2025 Q4 Vulnerability Publication Forecast

By Éireann Leverett
Thursday, October 16, 2025

Usually, we begin a blog post with a review of last quarter, but our volunteer team couldn’t get a forecast out last quarter. We had several pressing matters between multiple team members, and we apologise. So, we’ll move swiftly on to this quarter’s predictions.

This quarter we are expecting 12972 +/- 1156 new CVEs to be published by NVD. In the following quarter we expect an increase, so prepare for the new year early.

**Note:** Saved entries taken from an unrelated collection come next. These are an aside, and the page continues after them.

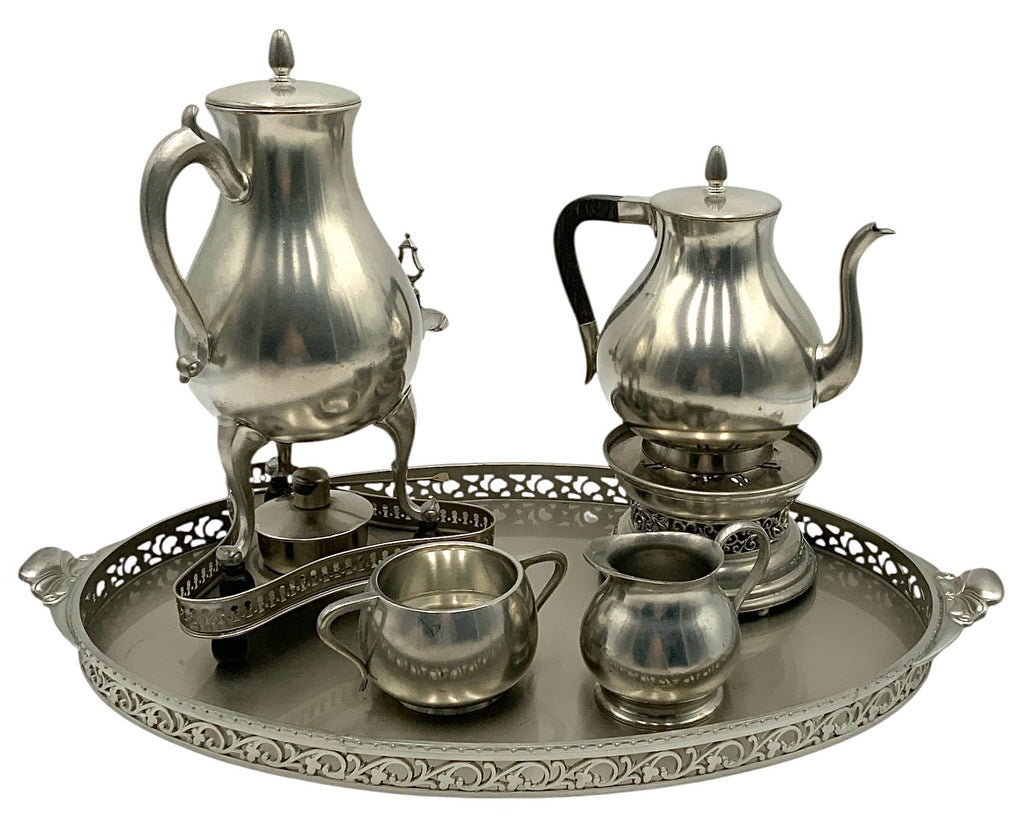 Coffee/Tea Service, Pewter, 6pcs, With Warmers, 21"wx13"d
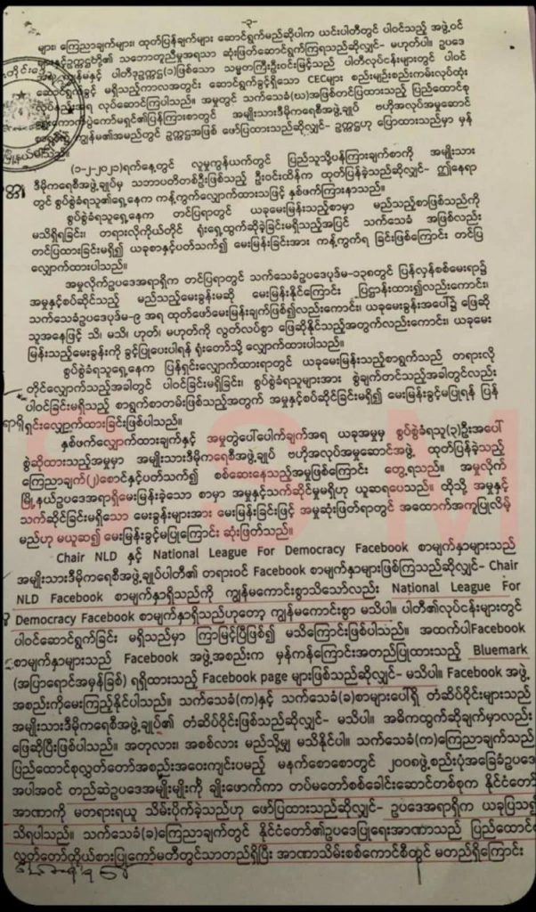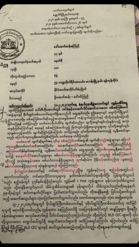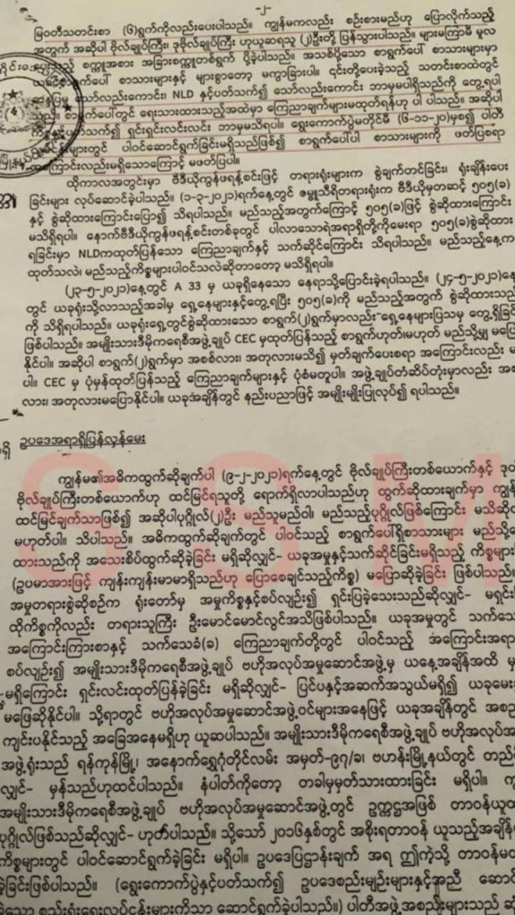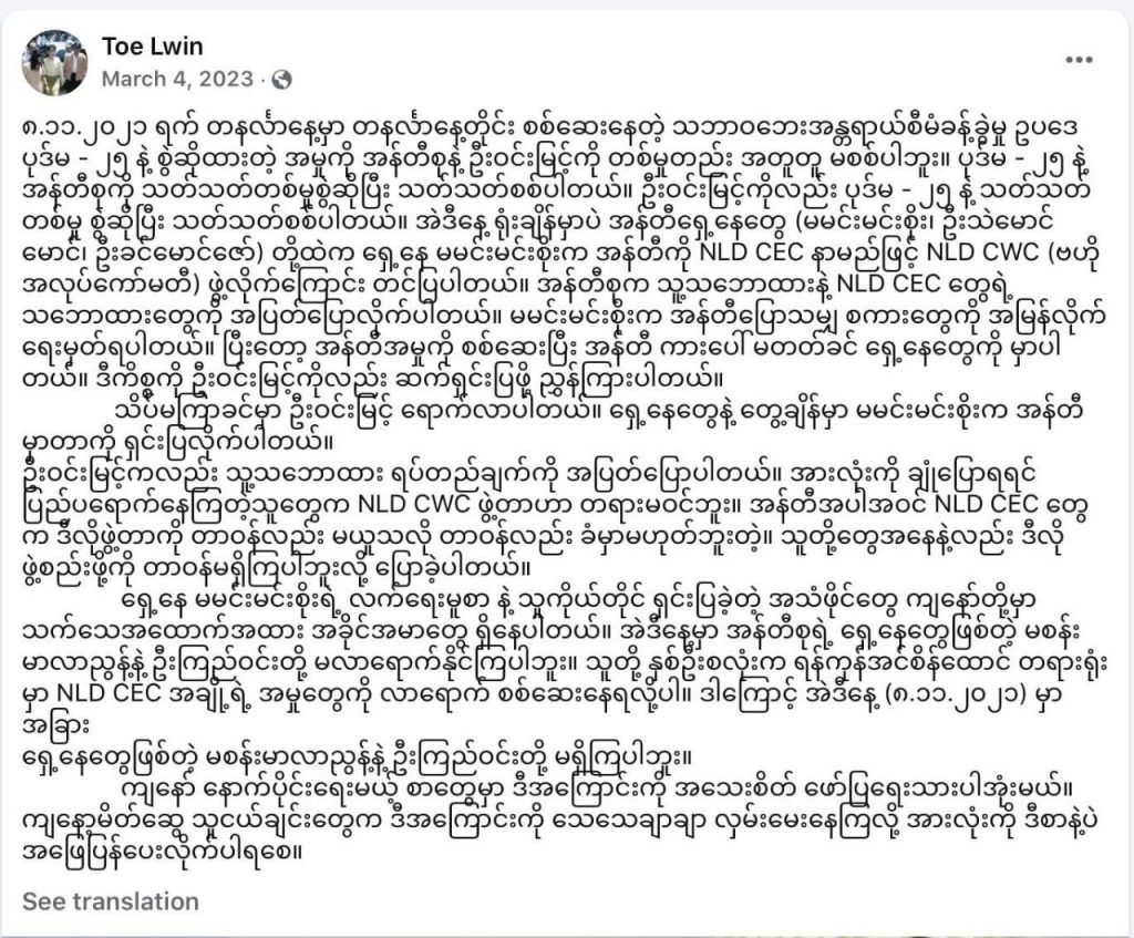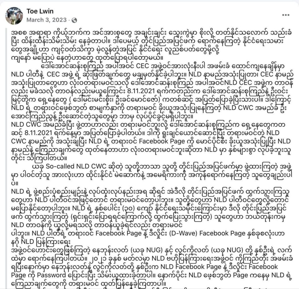 ”ရှေ့နေ မမင်းမင်းစိုးရဲ့ လက်ရေးမူစာနဲ့ သူကိုယ်တိုင် ရှင်းပြခဲ့တဲ့ အသံဖိုင်တွေ၊ အထောက်အထားတွေ အခိုင်အမာ ရှိနေပါတယ်။ အဲဒီနေ့မှာ အန်တီစုရဲ့ ရှေ့နေတွေဖြစ်တဲ့ မစန်းမာလာညွန့်နဲ့ ဦးကြည်ဝင်းတို့ မလာကြပါဘူး။ သူတို့ နှစ်ဦးစလုံးက ရန်ကုန် အင်းစိန်ထောင် တရားရုံးမှာ NLD CEC အချို့ရဲ့ အမှုတွေကို သွားရောက်စစ်ဆေးနေပါတယ်။ ဒေါ်အောင်ဆန်းစုကြည် အပါအဝင် CEC အဖွဲ့ဝင်အားလုံးနီးပါ အဖမ်းခံ ထောင်ကျနေချိန်မှာ NLD ပါတီနဲ့ CEC အဖွဲ့ရဲ့ ဆုံးဖြတ်ချက်တွေ မချမှတ်နိုင်ခဲ့ပါဘူး။ NLD နာမည်အသုံးပြုတာ၊ CEC နာမည် အသုံးပြုတာတွေဟာ လုံးဝတရားမဝင်သလို ဒေါ်အောင်ဆန်းစုကြည် အပါအဝင် NLD CEC အဖွဲ့က တာဝန်လည်း မခံသလို တာဝန်လည်းမယူကြောင်း၊ NLD CWC အမည်ခံပြီး ဖွဲ့တာဟာလည်း တရားမဝင်ဘူးလို့ ရှေ့နေတွေကတစ်ဆင့် အပြတ်ပြောခဲ့ပါတယ်။ ဒါကြောင့် NLD ရဲ့ တရားဝင်ဖေ့စ်ဘွတ် စာမျက်နှာကို တရားမဝင် ခိုးယူအသုံးပြုနေကြတဲ့ NLD CWC အမည်ခံ အောင်ကြည်ညွန့် ဦးဆောင်တဲ့သူတွေမှာ ဘာမှ လုပ်ပိုင်ခွင့်မရှိပါဘူး။ အဲ့ဒါကို ရူးချင်ယောင်ဆောင်ပြီး တရားမဝင်တဲ့ NLD CWC နာမည်ကို အသုံးချပြီး NLD ရဲ့ တရားဝင် Facebook Page ကို မောင်ပိုင်စီး ခိုးယူအသုံးပြုပြီး NLD နာမည်နဲ့ ကြေညာချက်တွေ ထုတ်နေတာဟာ လုံးဝတရားမဝင်ဘူးဆိုတာ NLD မှာ နှစ်များစွာ လုပ်ခဲ့ဘူးသူတိုင်း သိကြပါတယ်။ ယခု So-called NLD CWC ဆိုတဲ့ သူတို့ဘာသာ သူတို့ တိုင်းပြည်အပြင်ဘက်မှာ ဖွဲ့ထားကြတဲ့ အဖွဲ့မှာ ပါဝင်တဲ့သူ အားလုံးဟာ ထိုင်းနိုင်ငံ မဲဆောက်နဲ့ အမေရိကားမှာ ရောက်နေသူတွေ ဖြစ်ကြပါတယ်လို့ ကိုတိုးလွင်က ရေးသားခဲ့ပါတယ်။ ရှေ့နေ မမင်းမင်းစိုးရဲ့ လက်ရေးမူစာနဲ့ သူမကိုယ်တိုင် ရှင်းပြခဲ့တဲ့ အခြေအနေ အချက်အလက် အကြောင်းအရာများကို ဒေါ်အောင်ဆန်းစုကြည်နှင့် ဦးဝင်းမြင့်တို့၏ သဘောထားများအဖြစ် ပြည်ပရောက် အောင်ကြည်ညွန့်တို့အဖွဲ့ သိရှိရအောင် ကြားခံလူမှတစ်ဆင့် ၂၀၂၁ ခုနှစ် နိုဝင်ဘာလ ကုန်ခါနီးချိန်မှာ ပေးပို့ခဲ့ကြပါတယ်။ အဲ့ဒီလို ပြည်ပြေး အောင်ကြည်ညွန့်နဲ့ ကျော်ထွေးတို့ဆီ ပေးပို့လိုက်တဲ့ ဒေါ်အောင်ဆန်းစုကြည်နှင့် ဦးဝင်းမြင့်တို၏ သဘောထားများစာကို ရက်ပိုင်းအတွင်းမှာပဲ D-Wave FaceBook Page ကနေ ၃၀.၁၁.၂၀၂၁ ရက်နေ့မှာ “ဂျင်းသတင်း” ဖြစ်ကြောင်း နေဘုန်းလတ်တို့အဖွဲ့က ယုတ်မာစွာ လိမ်ညာပြီး ပို့စ်တင်ခဲ့ပါတယ်။ NLD ပါတီရဲ့ တရားဝင် Facebook Page နဲ့ ဒီလှိုင်း (D-Wave) Facebook Page နှစ်ခုစလုံးဟာ NLD ပြန်ကြားရေးအဖွဲ့ဝင်ဟောင်းတွေဖြစ်ကြတဲ့ နေဘုန်းလတ် (ယခု NUG) နှင့် လွင်ကိုလတ် (ယခု NUG) တို့နှစ်ဦးရဲ့ လက်ထဲမှာ ရောက်နေကြပါတယ်”လို့လည်း San Maw အကောင့်ကတစ်ဆင့် ဒေါ်စန်းစန်းမော်က ဖွင့်ချခဲ့ပါတယ်။
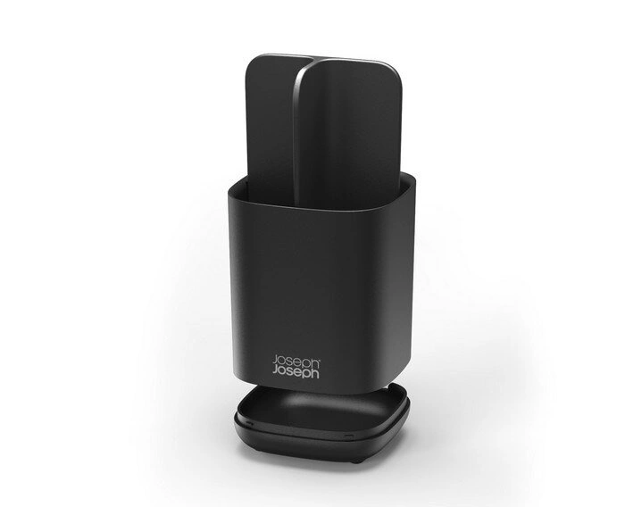 Organizer na szczoteczki do zębów i pastę Joseph Joseph EasyStore w kolorze czarnym to nowoczesny pojemnik łazienkowy, który łączy minimalistyczny styl z funkcjonalnością. Dzięki przemyślanej konstrukcji z trwałego tworzywa sztucznego i kompaktowym wymiarom 12,7 × 9 × 9 cm, doskonale sprawdzi się jako praktyczny kubek na szczoteczki do zębów oraz pastę, pomagając utrzymać porządek na umywalce.
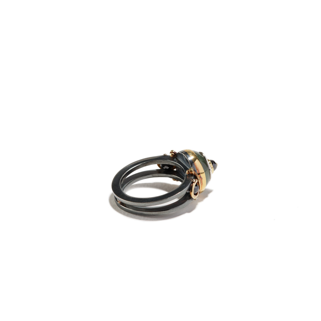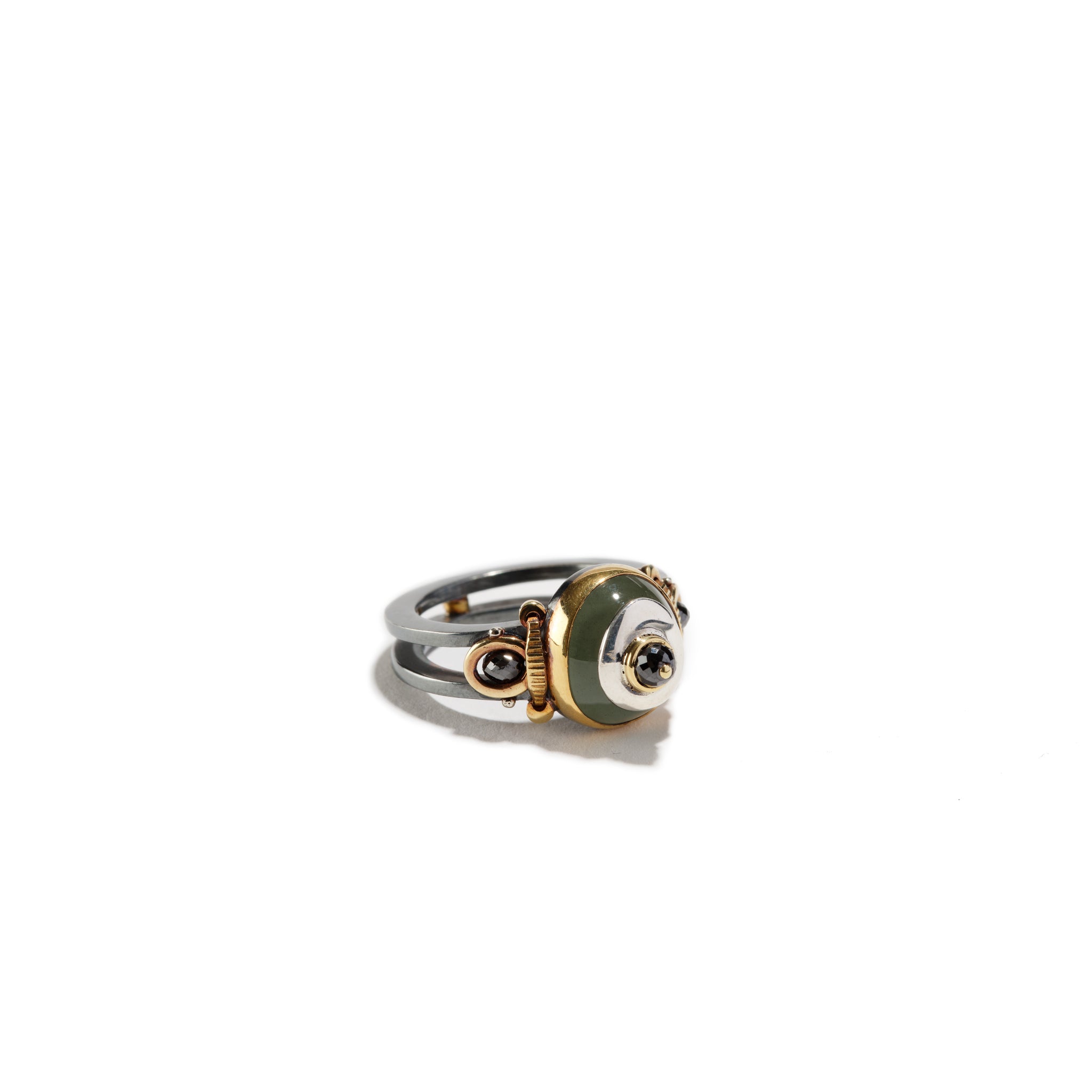 Sterling silver, 22K & 18K yellow gold, green beryl, black diamonds
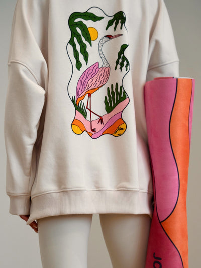 T-shirt i Bluza Oversize Bird of Calm: Otul się sztuką po praktyce lub noś ją jako manifest swojego stylu. Kremowy kolor i krój oversize tworzą aurę "spokojnego luksusu".
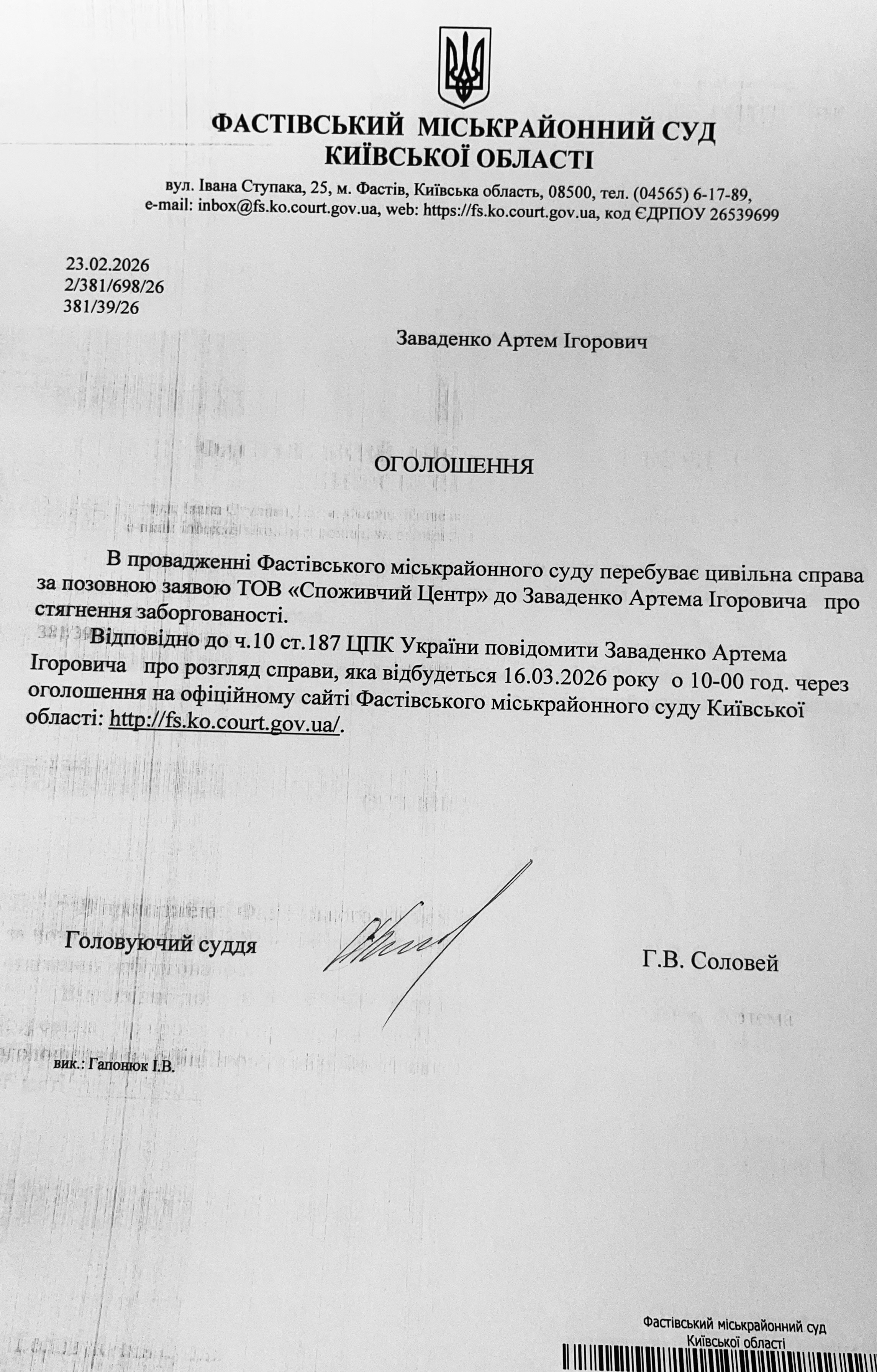 Фастівський міськрайонний суд Київської області викликає Заваденко Артема Ігоровича

date mean mean_se mean_ci_lower mean_ci_upper
2025-12-31 12972.710121 590.089648 11816.155663 14129.264578
2026-12-31 14032.929276 662.119281 12735.199331 15330.659221

As we all know, the majority of those will be not serious vulnerabilities that are likely to be exploited. Your teams will need to triage these according to your asset registers, asset value, availability of patches, mitigating detections, threat intelligence, and likelihood of exploitation.

2025 Quaterly Vulnerability Forecast

This forecast has changed slightly, and you’ll see we publish multiple prediction intervals where we used to print only one. We hope this helps the reader understand the middle range is more likely, but there is always a 10% chance that the real value falls outside our prediction. Often, that will be higher than we predicted, rather than lower. So wise risk managers can think about resources they can set aside for the 10% chance that we see more than 14129 vulnerabilities this quarter, and if their teams and patch cadences can handle such a scenario.

We held a wonderful conference this year in Cambridge, England, and many useful things were discussed. There are several students, taking up forecasting as an endeavour, and we believe that will help patching teams move decision support left of publication.

One important thing discussed is that volume is not enough, just like temperature is only one part of a weather forecast. We need forecasts to expand into other aspects such as product, vendor, CVSS vector, CWE, and CNA. Ultimately, we need to narrow down these forecasts to how many vulnerabilities are likely to be exploited, and maybe even get to predicting which products and vendors they will be.

In short: If a forecast doesn’t change how you will allocate your resources this quarter, then forecasts still have a long way to go. I personally believe those innovations are underway, and you’ll be seeing them over the next few years. What could we tell you as part of vulnerability management decision support, that would matter to your vulnerability or attack surface management programmes?